Он и представить себе не мог, что я веду почти дневниковые записи всех его высказываний и сравниваю, выискиваю, догадываюсь. И складываю все его намеки в единое целое. Работа была, что надо. Для меня это стало вроде как головоломкой, кроссвордом, который отгадывался по частям. Особенно помогали некоторые упившиеся до полной порнухи свиньи – из его охраны, просто «гости». Наконец, дошло до того, что они намеками общались в бане, пока девушки хлестали им спины, а я просто слушала и все понимала – и недосказанности, и иносказания, потому что знала реальные дела и людей, которые за всем этим стоят. И тогда я поняла, что пришла пора собрать действующий материал. Это было в несколько раз посложнее, но… Ты даже не представляешь, Валерий Борисович, – усмехнулась она, – как бывают неосторожны сильные мира сего, когда ожидают опасности и конкуренции с одной стороны, а о другой совсем не думают. Я исправно выполняла свою работу и одновременно фотографировала, снимала, записывала. Техники у нас в Доме хватало – некоторые клиенты любили повеселее и занимались совершенно киношными делами. От одного ретивого кинооператора я даже научилась со всем этим обращаться. Вот и пользовалась. У меня в архиве, который умещается в одном дипломате, почти двадцать видеокассет малого формата, на которых очень разные и интересные вещи… Там, кстати, есть и про областное руководство, и про почетных гостей области. Но это уже неважно… Ты просто прими как данность, что в результате всех моих «исследований» на пятый год работы с Огородниковым у меня было достаточно документально подтвержденного компромата на всю компанию.

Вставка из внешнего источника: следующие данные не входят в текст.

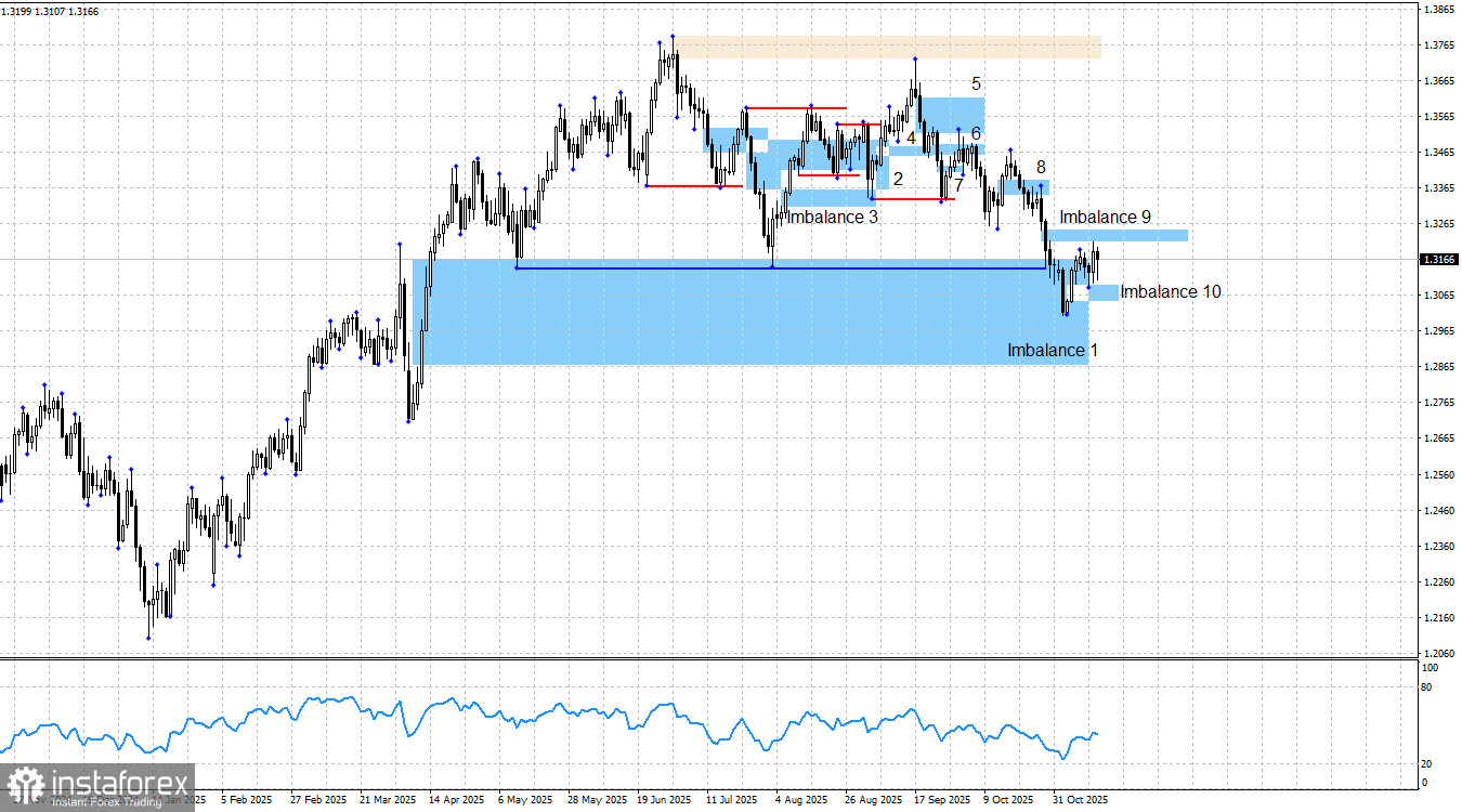 Для «медвежьего» тренда нужен сильный и стабильный для американца позитивный информационный фон, которого нет и не было. Чем ниже проседает курс британской валюты, тем выгоднее быкам открывать новые сделки на покупку. Последнее наступление медведей началось после реакции на «медвежий» ордер-блок, а затем было поддержано тремя имбалансами. Остается и четвертый «медвежий» имбаланс (9), который может создать проблемы «бычьему» тренду, на восстановление которого я все еще рассчитываю.
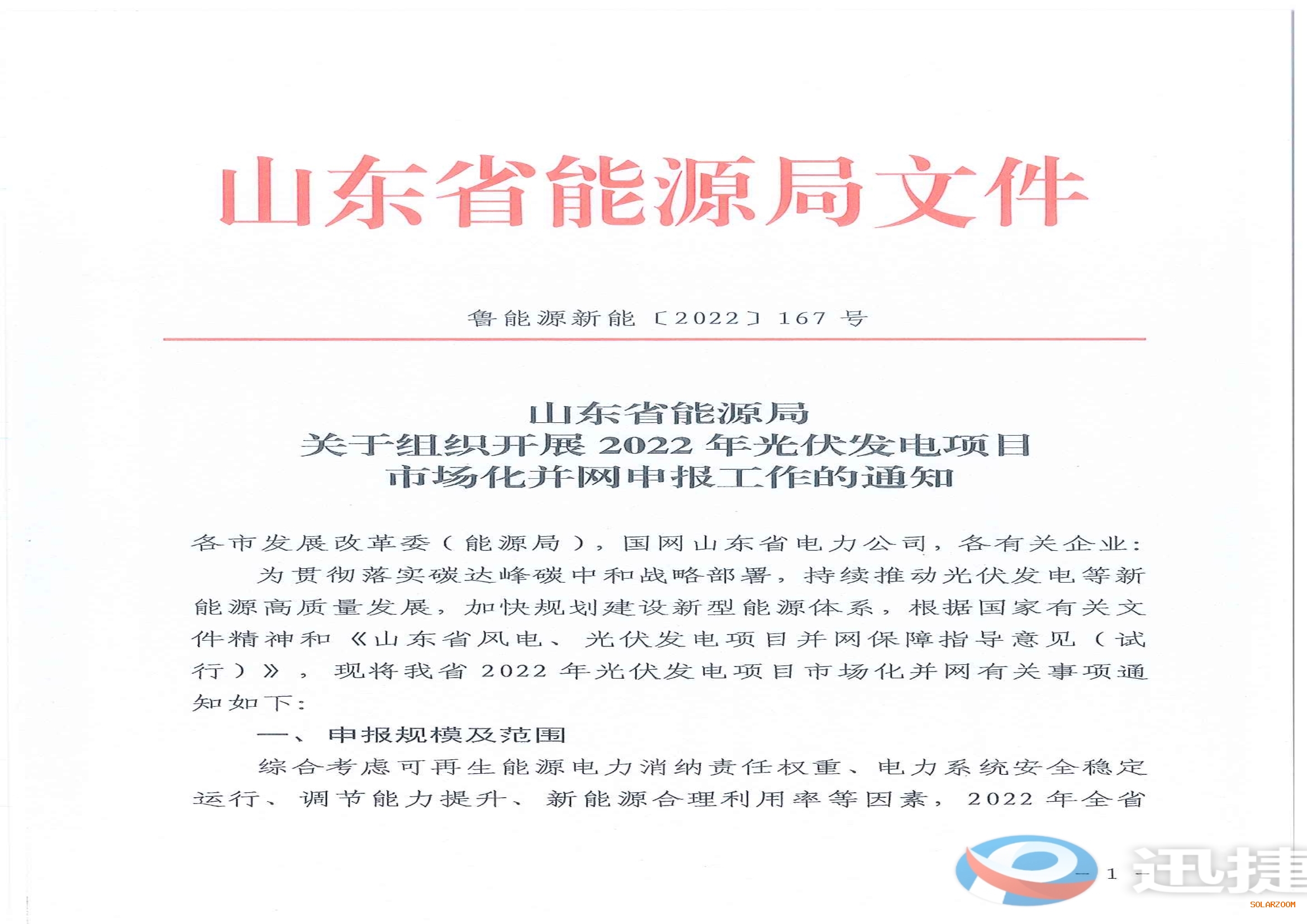 为贯彻落实碳达峰碳中和战略部署,持续推动光伏发电等新能源高质量发展,加快规划建设新型能源体系,根据国家有关文件精神和《山东省风电、光伏发电项目并网保障指导意见(试行)》,现将我省2022年光伏发电项目市场化并网有关事项通知如下: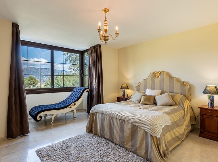 To go downstairs you go to the panoramic window and follow it down to the 2 bedrooms below. Here you also find the huge master bedroom with its own terrace.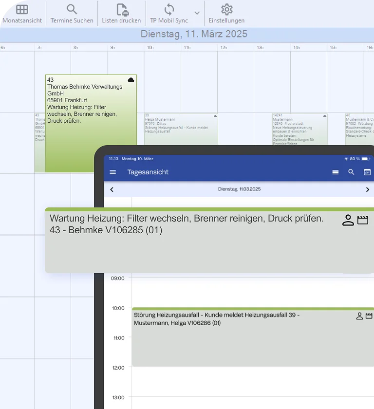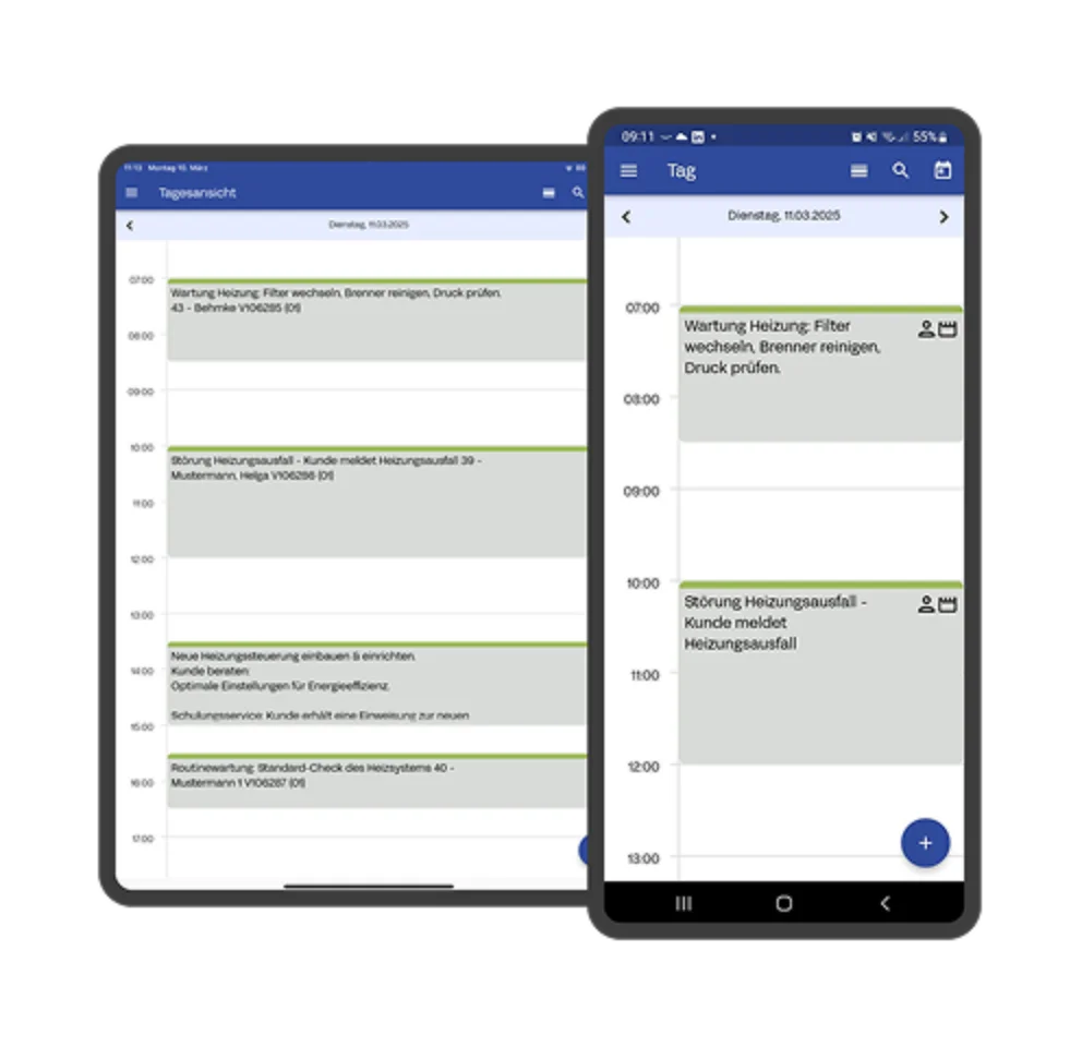 Mit der neuen Terminplaner-Erweiterung haben Sie alle Einsätze immer im Blick – egal ob im Büro, auf dem Tablet oder Smartphone. Dank der automatischen Synchronisation sind Ihre Termine jederzeit aktuell..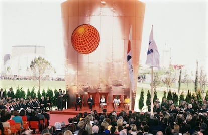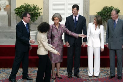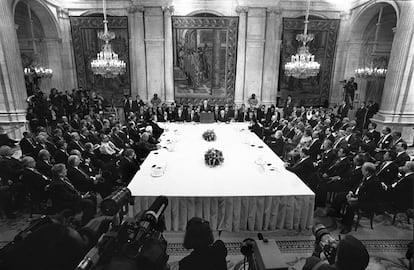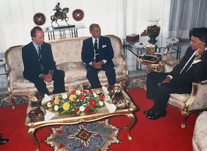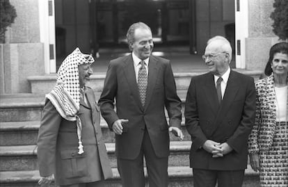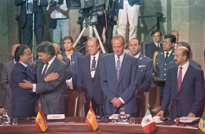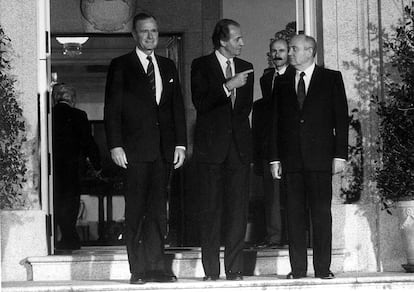 Desde la izquierda, los reyes Juan Carlos y Hassan II, y el presidente del Gobierno, en Rabat (Marruecos), el 4 de julio de 1991. Firma del tratado de amistad y cooperación con Marruecos.DANIEL BELTRÁ (EFE)El rey Juan Carlos, junto al presidente de Estados Unidos, George Bush, a la izquierda, y el líder soviético, Mijaíl Gorbachov, en el palacio de la Zarzuela en Madrid, con motivo de la Conferencia de Paz sobre Oriente Próximo de Madrid, el 29 de octubre de 1991. Marisa FlórezLa Sala de Columnas del Palacio Real, en Madrid, durante la inauguración de la Conferencia de paz de Madrid sobre Oriente Próximo, el 30 de octubre de 1991. Luis MagánDesde la izquierda, el presidente de Argentina, Carlos Menem, saluda al presidente del Gobierno español, Felipe González, en presencia del rey Juan Carlos I de España y del presidente del país anfitrión, Carlos Salinas de Gortari, durante la sesión de apertura de la primera Cumbre Iberoamericana de Jefes de Estado y de Gobierno de Guadalajara (México), el 18 de julio de 1991.
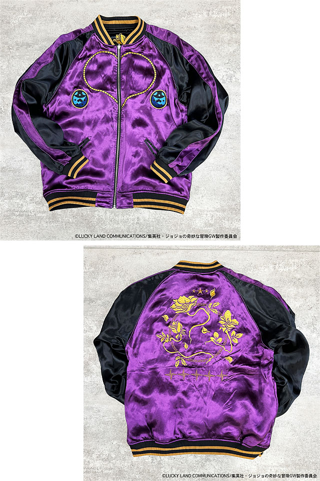 絡繰魂さんから、絡繰魂×ジョジョの奇妙な冒険 コラボスカジャン「ジョルノ・ジョバァーナ」(234090)のご紹介です。 アニメ「ジョジョの奇妙な冒険 黄金の風」と和柄ブランド絡繰魂のコラボがついに実現! 主人公の【ジョルノ・ジョバァーナ】を背中にダイナミックに刺繍しました。 ジョルノが繰り出す技を再現した花々を背景に、【G・E】を纏う姿を極上の刺繍で演出。 リバーシブル裏面は、ジョルノの服をイメージしました。 胸部には【このジョルノ・ジョバァーナには正しいと信じる夢がある】と刺繍されています。 ボディーにはレーヨンサテンを使用し、ドレープや陰影がくっきりと現れています。 | ||||||||||||||||||||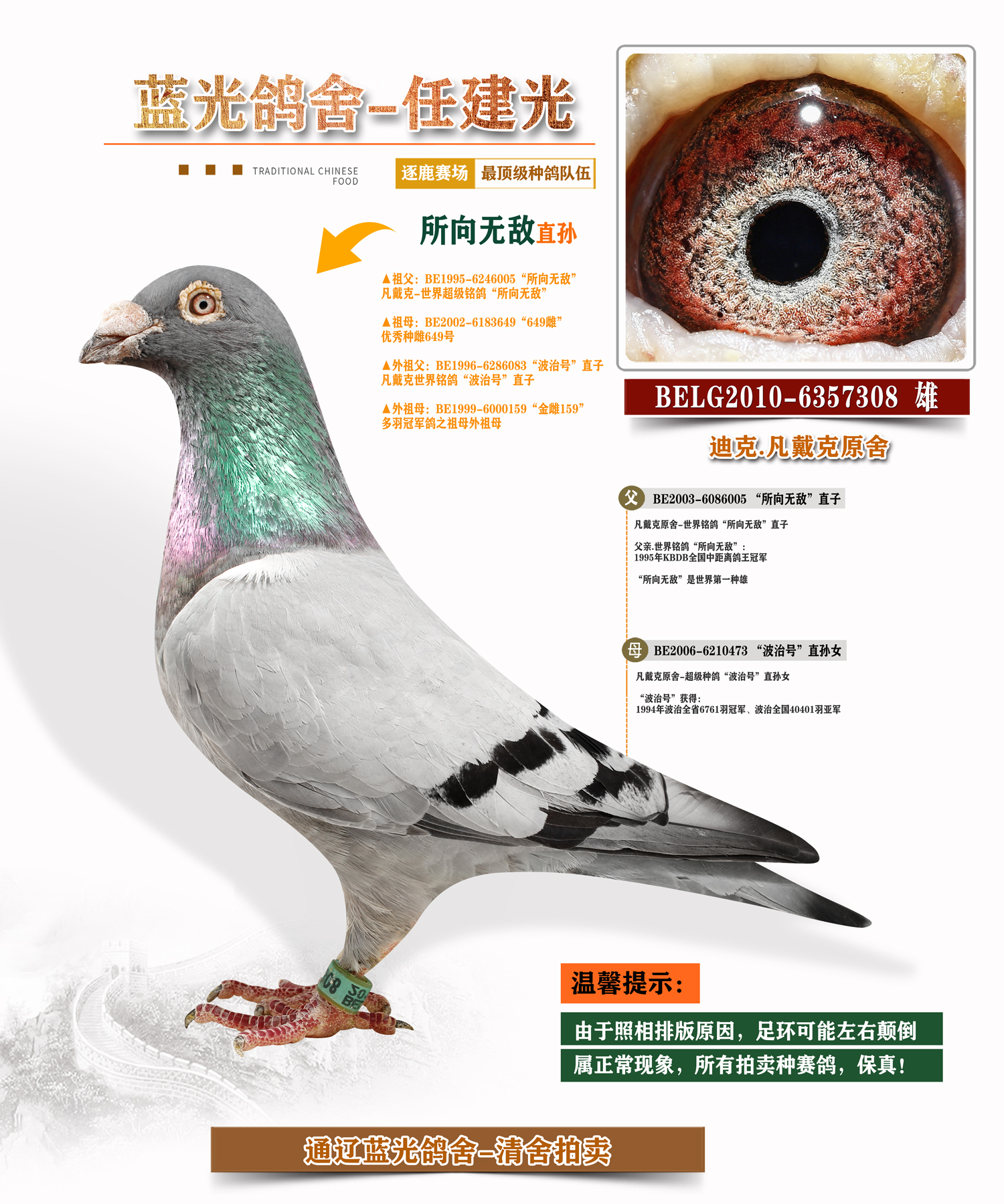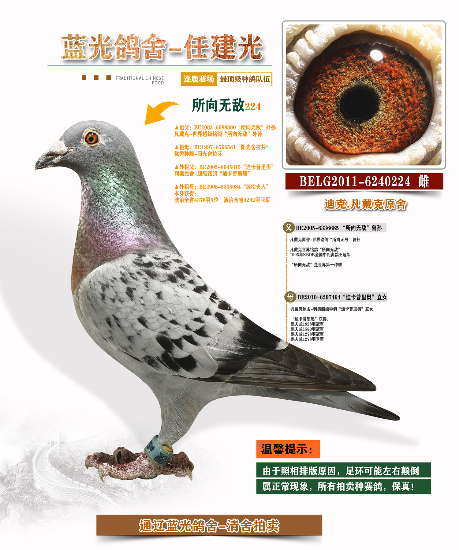 本次清舍,请各位鸽友一定不要错过,一定不要错过,种鸽阵容十分强大,国内外最顶级辈分,鸽主打了20多年比赛,常年征战各大赛场,成绩突出,真实可查,这里面都是最实站的鸽系,最优秀的种鸽,此次清舍的种鸽相信拿回去(百分之90)都能用出来,请您一定珍惜。

– А ты не на ФСБ, часом, работаешь? – спросил я, не совсем шутя, потому что собрать такую «коллекцию» было делом нешуточным даже для опытного человека. Мужчины. Но вот женщины, Мадам…
– Я подумывала о том, чтобы продать документацию и обеспечить себе жизненный покой и достаток на всю оставшуюся старость, – улыбнулась Валентина. – Но к одним людям в искусстве, преступности и политике всегда клеятся другие, и это бесконечная цепочка. Одних посадят, а другие отомстят, и старость моя продлится недолго. Кроме того, – что самое главное, – я собирала эти документы не для нападения и даже не для шантажа. А просто ради самозащиты. Чтобы в трудный момент рассчитывать на защиту сильных мира сего… или от них.
– Миша твой об этом знает?
– Об этом не знает никто… кроме тебя.
– А как же об этом узнал Огородников?
– Не представляю. Но он точно узнал об этих документах – это единственное объяснение тому, как меня схватили и пытались увезти не по адресу. Я быстро просекла, что происходит, и хотела пырнуть своего телохранителя ножом – у меня был… Но мужик есть мужик. Вырвал, всю руку измял, сволочь. А чтобы я не орала на всю улицу, что меня похищают, попытался вколоть снотворного. Но – отбилась.
– И еще тебе очень повезло.
– А то как же. Повезло. Везения просто так не бывает. Оно дается тем, кто для этого что-нибудь делает. Вернее, не что-нибудь, а то, что нужно. Когда я била каблуками по голове водителя, я рассчитывала на аварию.
– Ладно, это уже не так важно, – прервал невоспитанный я, решая, что вспоминать о покушении и раздумывать о своей возможной участи Валентине совершенно не нужно. – Ты лучше объясни, что же тебе сейчас мешает воспользоваться этими самыми документами для защиты? Сказать, что они у надежного адвоката, вернее, у десяти-двадцати, и будут вскрыты тотчас после того, как на протяжении двух-трех суток от тебя не поступит никаких звонков. Или еще что-нибудь в этом роде. Если Огородников узнал об этих документах, он серьезно призадумается, прежде чем принимать ошибочные и слишком легкие решения!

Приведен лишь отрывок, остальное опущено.